I gesture to my Mini Cooper parked on the street outside Perry and Dex’s apartment, the cold winter wind whipping my hair around my face.

Max stares at the car for a moment, most likely wondering how he’s going to fit his massive frame into my mini-mobile. The ends of his black scarf dance in the breeze and he gathers his coat closer to him. Over the last few days he’s slowly been acclimatizing to the new/old world, and it turns out the guy gets cold easily. I guess the temperatures in Hell are insane, as to be expected, not that he’s discussed anything about that place with anyone so far.

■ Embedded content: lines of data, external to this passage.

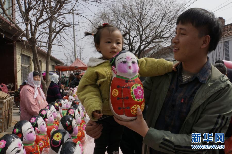 3月14日,游客在山東省惠民縣皂戶李鎮舉辦的泥塑文化節上選購泥娃娃?;菝窨h泥塑歷史悠久,農歷二月初二有捏泥塑、跑秧歌的傳統。
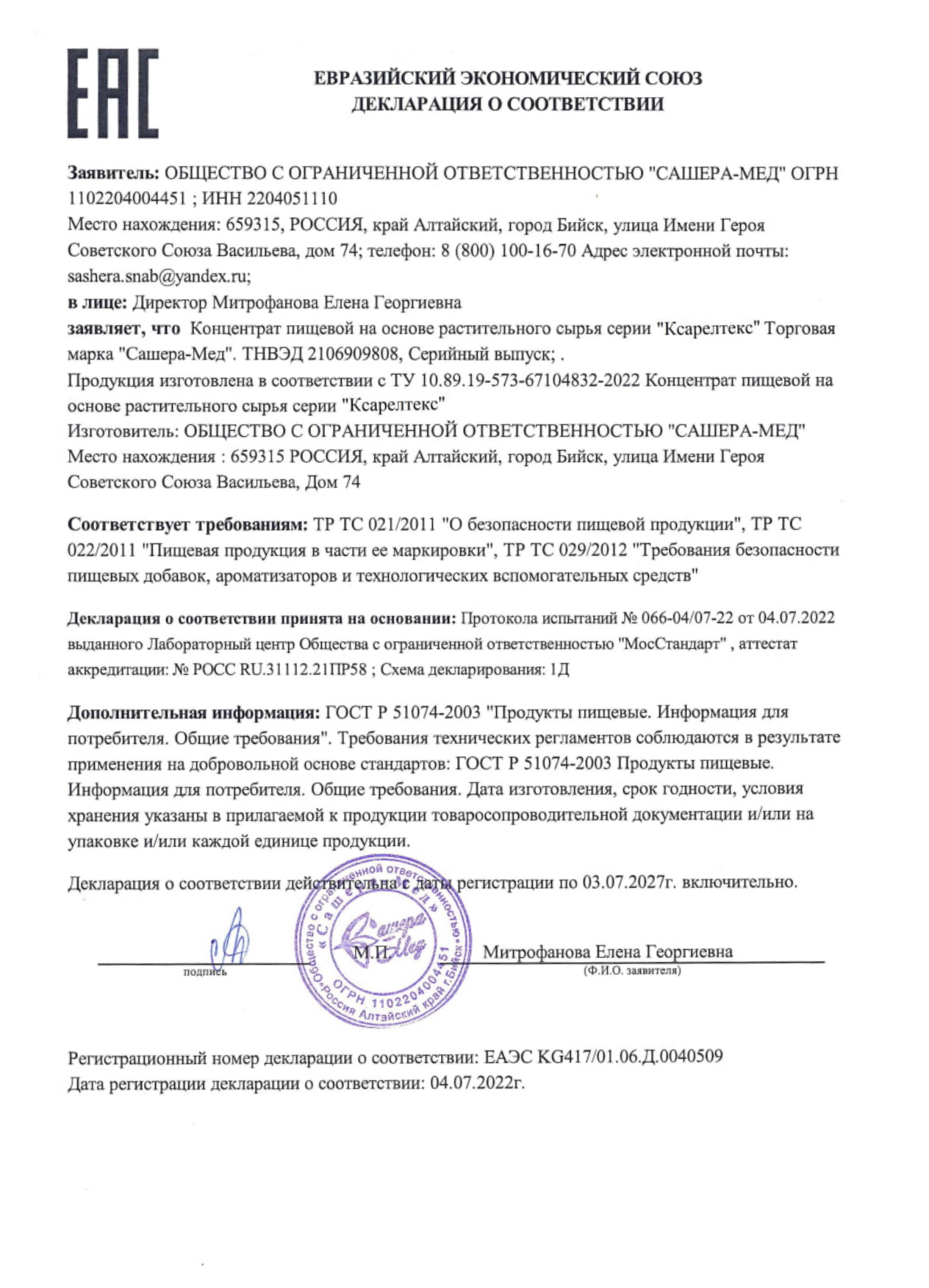 | Вспомогательные вещества | Крахмал, диоксид кремния (E551) |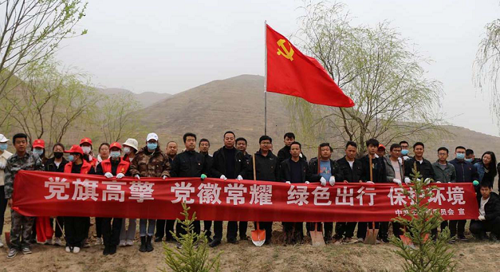 2022年4月,根據(jù)王旗鎮(zhèn)安排,駐村幫扶工作隊(duì)員會(huì)同其他鎮(zhèn)村干部組織群眾數(shù)十人,在洮河西岸磨溝段開(kāi)展了以“黨旗高擎、黨徽常耀、綠色出行、保護(hù)環(huán)境”為主題的義務(wù)植樹(shù)活動(dòng),共栽下4000余棵松樹(shù)苗,掀起了植樹(shù)造林的熱潮。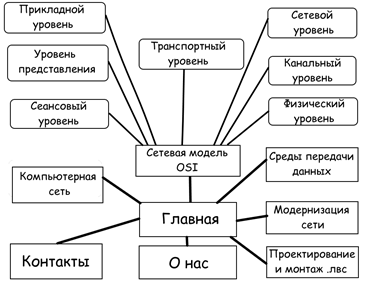 Информационный Web-сайт "Модернизация компьютерной сети" имеет следующую карту сайта (Рисунок 1):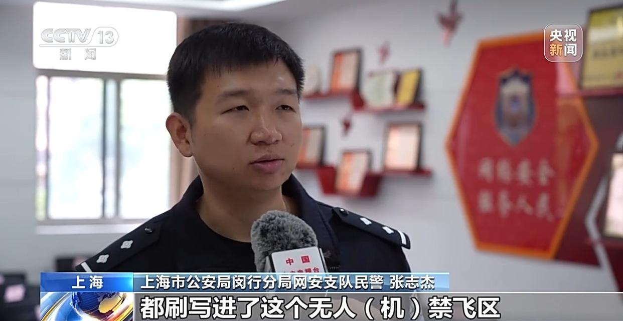 上海市公安局闵行分局网安支队民警 张志杰:因为正常的厂商出产的这个无人机,它的内部固件中都刷写进了这个无人机禁飞区和限高的限制。当飞机飞到禁飞区的边缘,或者说到达一定的限高,比如说120米的时候,这个无人机就会开始提示无法进行进一步飞行,它会在这个禁飞区的边缘进行悬停,然后,你只能进行倒退的操作。但是,当他进行了这个无人机禁飞区和限高的破解以后,它就可以在这些禁飞区中,还有包括超过限高的这个高度进行自由飞行。

And it’s freezing here anyway. The damp cold that the Pacific Northwest likes to unleash this time of year really sinks into your bones. Because Max doesn’t have any of his magic Jacob money (which is what I’m calling it) at the moment, Perry and I took Max shopping for some winter clothes, with Perry fronting the bill. His coat is charcoal, knee-length, and pretty dapper, elevating his normal style of flannel shirts and jeans. Part of me is hoping that when we get back to Portland and he gets money, I can be his personal shopper and really give him a makeover.

“Loser?” Max asks, glancing up at me, brow furrowed like I just insulted him.

I roll my eyes. “You’ve never seen Mean Girls? We’ll have to fix that. Get in the car, big dude.”

“I’m not sure I’m going to fit,” he says, opening the door.

The thing about my car is that it looks small from the outside, but from the inside it’s surprisingly roomy. I get in the driver’s seat and buckle up, starting the car right away to get the heat flowing for the big ginger. I watch as he shoves the seat back and then presses his large hand against the ceiling.

“I guess I do fit,” he remarks, then stares at his knees pressed up against the glove compartment. “Barely.”

“Buckle up,” I tell him, just as Karen O’s cover of Led Zeppelin’s Immigrant Song comes blasting from the speakers. Then I burn it out of the parking spot, the car sliding on the icy road for a moment before it gets traction.